Simone Alberto Peirone*, Gabriele Goletto*, Mirco Planamente, Andrea Bottino, Barbara Caputo, Giuseppe Averta
This is the official PyTorch implementation of our work "Egocentric zone-aware action recognition across environments".
Abstract:
Human activities exhibit a strong correlation between actions and the places where these are performed, such as washing something at a sink. More specifically, in daily living environments we may identify particular locations, hereinafter named activity-centric zones, which may afford a set of homogeneous actions. Their knowledge can serve as a prior to favor vision models to recognize human activities.
However, the appearance of these zones is scene-specific, limiting the transferability of this prior information to unfamiliar areas and domains. This problem is particularly relevant in egocentric vision, where the environment takes up most of the image, making it even more difficult to separate the action from the context. In this paper, we discuss the importance of decoupling the domain-specific appearance of activity-centric zones from their universal, domain-agnostic representations, and show how the latter can improve the cross-domain transferability of Egocentric Action Recognition (EAR) models. We validate our solution on the EPIC-Kitchens-100 and Argo1M datasets.

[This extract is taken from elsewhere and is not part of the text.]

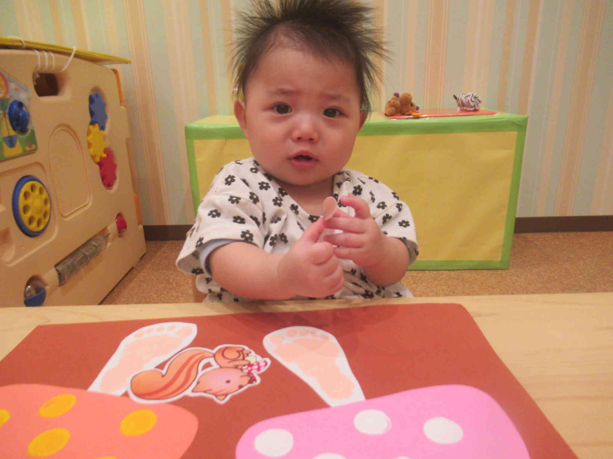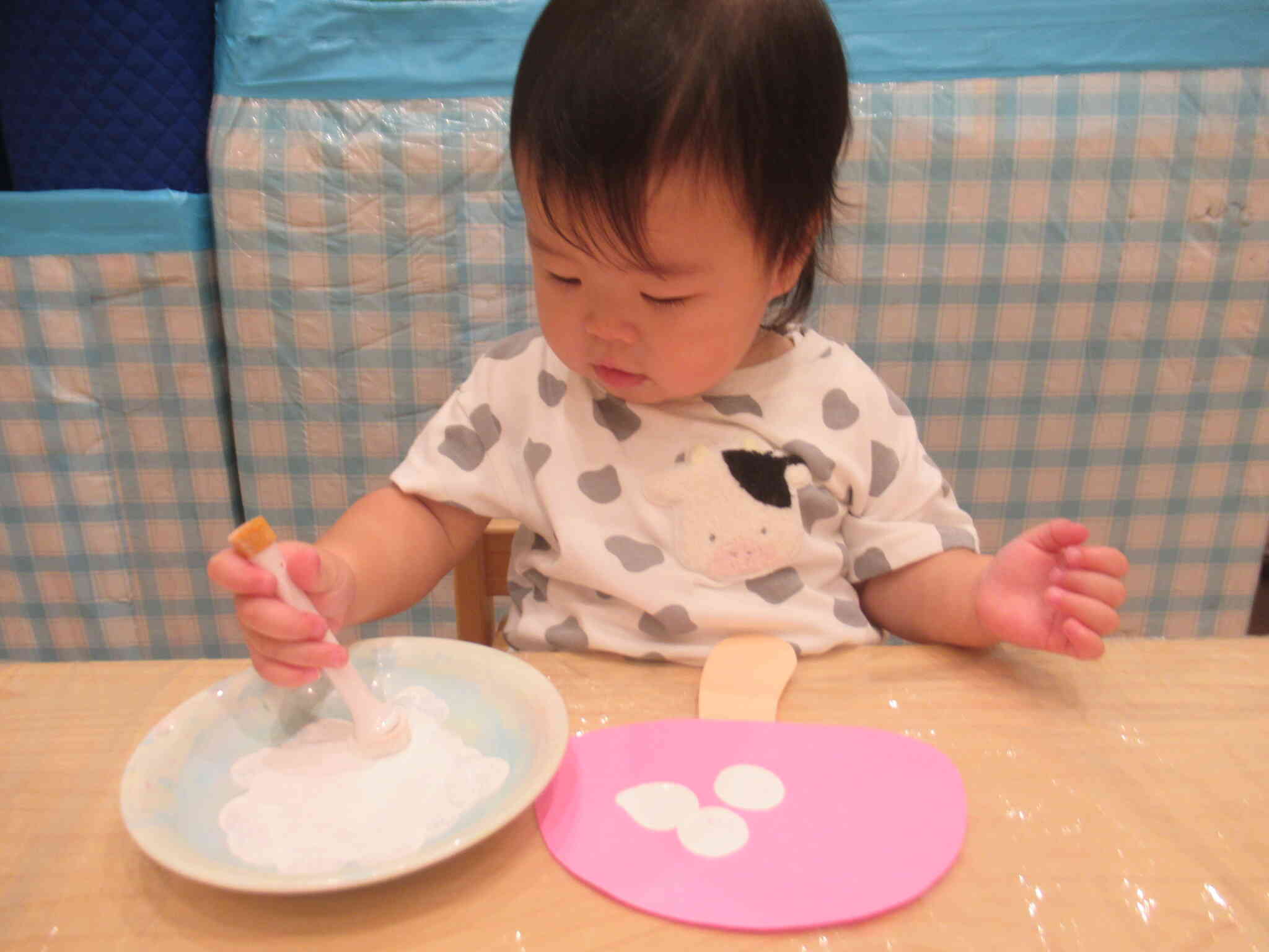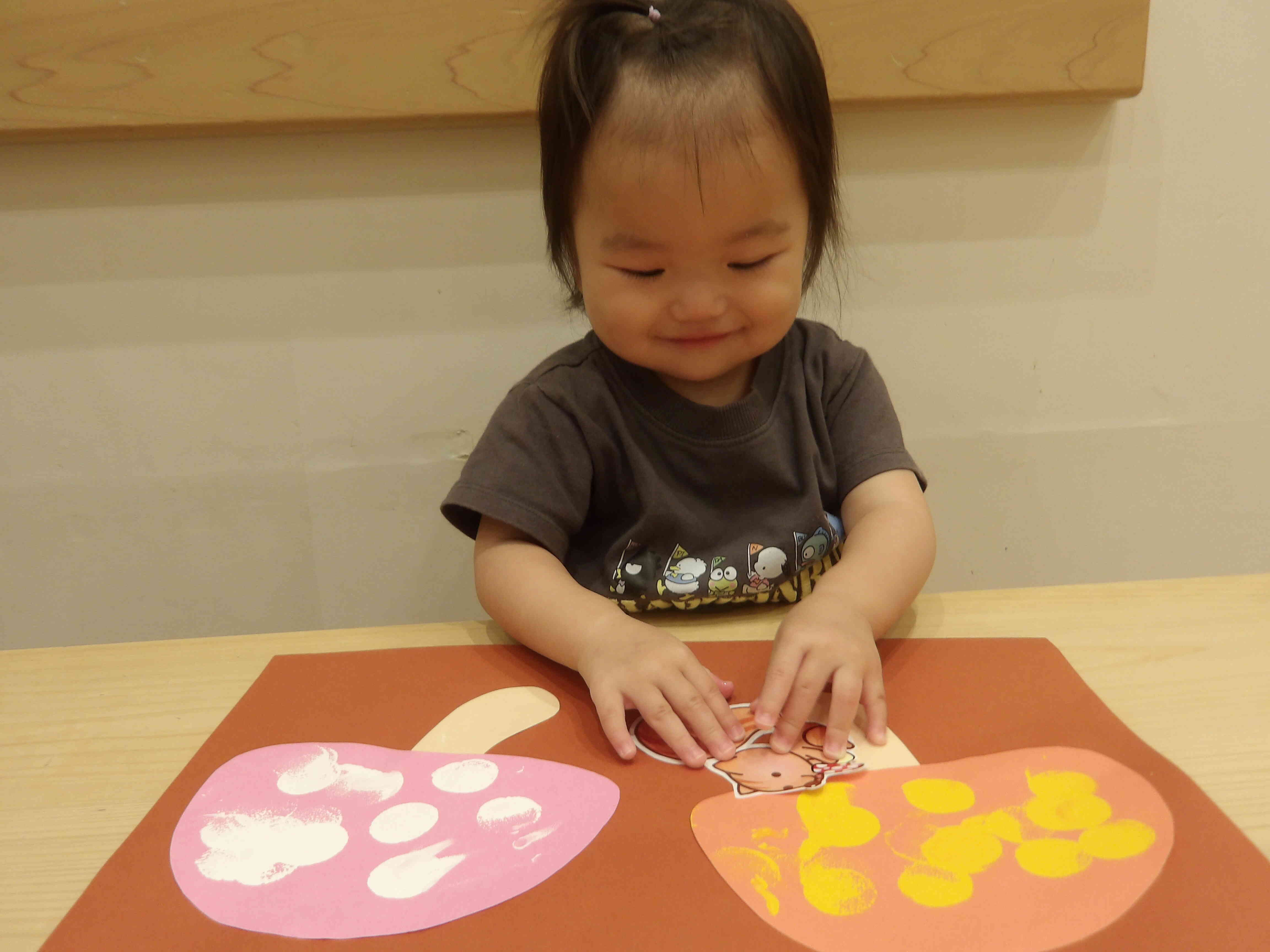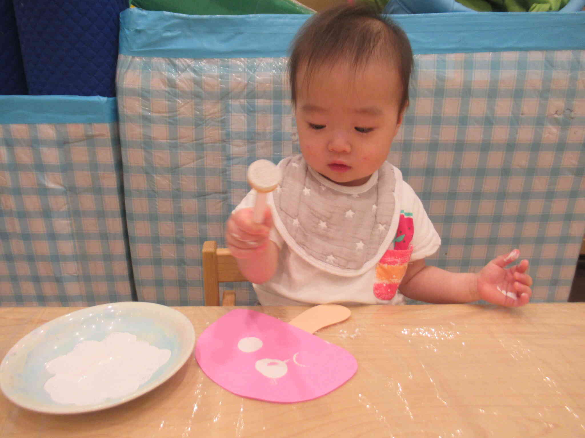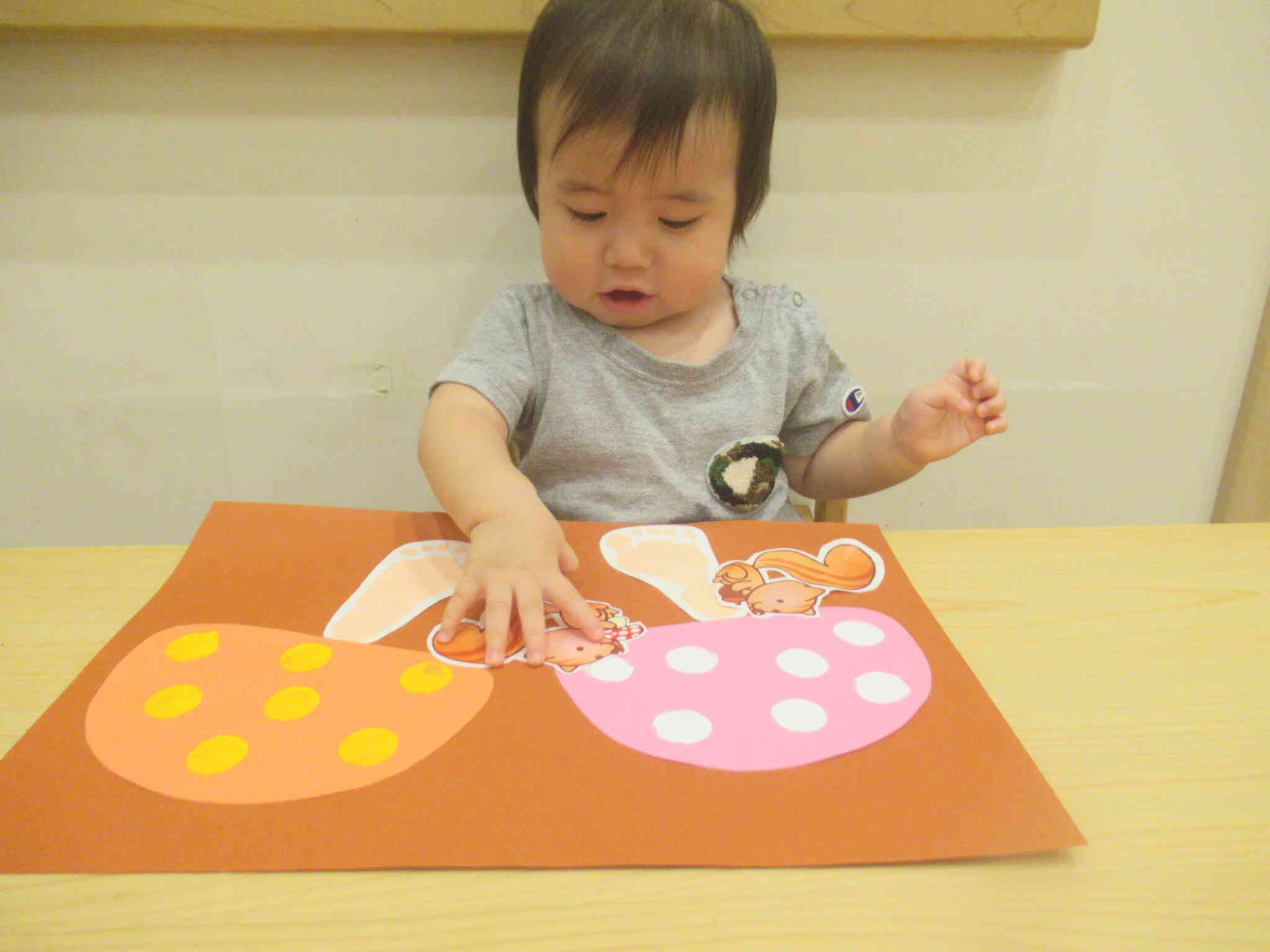 大きなきのこにスタンプで模様をつけました。製作も楽しんで行っています♪

Clone this repository and create a Conda environment:
git clone --recursive https://github.com/sapeirone/EgoZAR
cd EgoZAR
conda create --name egozar
conda activate egozar
pip install -r requirements.txt
The official EK100 UDA annotations and pre-extracted features are provided here.
# Annotations
mkdir -p annotations
git clone https://github.com/epic-kitchens/epic-kitchens-100-annotations.git
mv epic-kitchens-100-annotations/UDA_annotations EgoZAR/annotations
rm -r epic-kitchens-100-annotations
# TBN features
mkdir -p data
wget -O ek100.zip https://www.dropbox.com/scl/fo/us8zy3r2rufqriig0pbii/ABeUdV83UNmJ5US-oCxAPno?rlkey=yzbuczl198z067pnotx1zxvuo&e=1&dl=0
unzip ek100.zip -d data/
rm ek100.zip
Optional: for easy prototyping you can download the pre-extracted CLIP ViT-L/14 features for the source train and target validation splits.

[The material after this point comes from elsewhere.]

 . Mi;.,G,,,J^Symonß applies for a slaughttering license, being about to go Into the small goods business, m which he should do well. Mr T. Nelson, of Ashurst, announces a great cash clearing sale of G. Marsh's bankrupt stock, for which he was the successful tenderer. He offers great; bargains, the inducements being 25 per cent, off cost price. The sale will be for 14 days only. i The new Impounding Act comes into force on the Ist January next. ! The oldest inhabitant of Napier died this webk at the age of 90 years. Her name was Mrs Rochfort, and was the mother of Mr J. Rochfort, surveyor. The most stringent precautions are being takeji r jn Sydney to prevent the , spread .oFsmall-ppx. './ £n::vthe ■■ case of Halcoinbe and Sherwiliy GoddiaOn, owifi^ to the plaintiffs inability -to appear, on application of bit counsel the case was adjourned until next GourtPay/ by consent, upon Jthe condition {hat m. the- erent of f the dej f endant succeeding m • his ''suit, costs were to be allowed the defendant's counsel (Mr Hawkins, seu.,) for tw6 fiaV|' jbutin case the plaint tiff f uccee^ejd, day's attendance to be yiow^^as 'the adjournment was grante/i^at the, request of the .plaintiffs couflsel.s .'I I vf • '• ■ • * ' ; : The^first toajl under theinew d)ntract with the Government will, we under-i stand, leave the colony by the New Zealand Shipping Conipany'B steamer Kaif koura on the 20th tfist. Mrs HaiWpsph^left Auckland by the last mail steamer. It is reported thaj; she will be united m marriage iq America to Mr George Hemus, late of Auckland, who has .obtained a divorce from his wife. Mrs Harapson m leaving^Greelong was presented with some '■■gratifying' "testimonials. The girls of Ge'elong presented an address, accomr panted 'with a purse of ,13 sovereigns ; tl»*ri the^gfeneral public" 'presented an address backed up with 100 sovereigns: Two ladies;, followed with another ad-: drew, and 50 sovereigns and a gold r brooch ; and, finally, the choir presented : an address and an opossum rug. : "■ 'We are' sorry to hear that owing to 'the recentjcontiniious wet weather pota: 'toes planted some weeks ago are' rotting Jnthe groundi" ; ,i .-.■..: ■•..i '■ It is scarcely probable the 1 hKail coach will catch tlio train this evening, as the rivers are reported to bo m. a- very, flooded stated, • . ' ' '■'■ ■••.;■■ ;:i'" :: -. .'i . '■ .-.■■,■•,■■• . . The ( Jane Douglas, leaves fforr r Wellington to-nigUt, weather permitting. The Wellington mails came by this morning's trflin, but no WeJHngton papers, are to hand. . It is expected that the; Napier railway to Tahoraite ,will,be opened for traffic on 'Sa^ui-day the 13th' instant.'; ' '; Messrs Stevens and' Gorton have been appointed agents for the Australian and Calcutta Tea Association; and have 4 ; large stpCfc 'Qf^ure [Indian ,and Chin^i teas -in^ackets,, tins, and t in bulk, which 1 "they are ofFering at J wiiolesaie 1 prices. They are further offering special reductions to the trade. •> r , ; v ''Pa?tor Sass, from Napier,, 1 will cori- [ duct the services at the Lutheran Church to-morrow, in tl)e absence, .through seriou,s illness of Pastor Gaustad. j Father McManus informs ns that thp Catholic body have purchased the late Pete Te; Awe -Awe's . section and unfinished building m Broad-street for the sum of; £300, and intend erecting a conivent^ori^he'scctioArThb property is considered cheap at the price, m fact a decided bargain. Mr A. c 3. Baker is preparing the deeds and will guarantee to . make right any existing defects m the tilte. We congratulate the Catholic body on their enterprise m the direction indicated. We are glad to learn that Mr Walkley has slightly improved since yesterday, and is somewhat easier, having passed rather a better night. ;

Download the EPIC-Kitchens RGB frames under the EPIC-KITCHENS
directory, following the official instructions.
The expected data stucture for EPIC-KITCHENS videos is:
│
├── EPIC-KITCHENS/
│ ├── <p_id>/
│ │ ├── rgb_frames/
│ │ │ └── <video_id>/
│ │ │ ├── frame_0000000000.jpg
│ │ │ ├── frame_0000000001.jpg
│ │ │ └── ...
│ │
│ └── ...
│
└── ...
Extract the CLIP features using the save_CLIP_features.py
script for the desired CLIP variant.
mkdir -p clip_features
python save_CLIP_features.py --clip-model=ViT-L/14
This command should generate the files clip_features/ViT-L_14_source_train.pth
and clip_features/ViT-L_14_target_val.pth
for source train and target validation respectively.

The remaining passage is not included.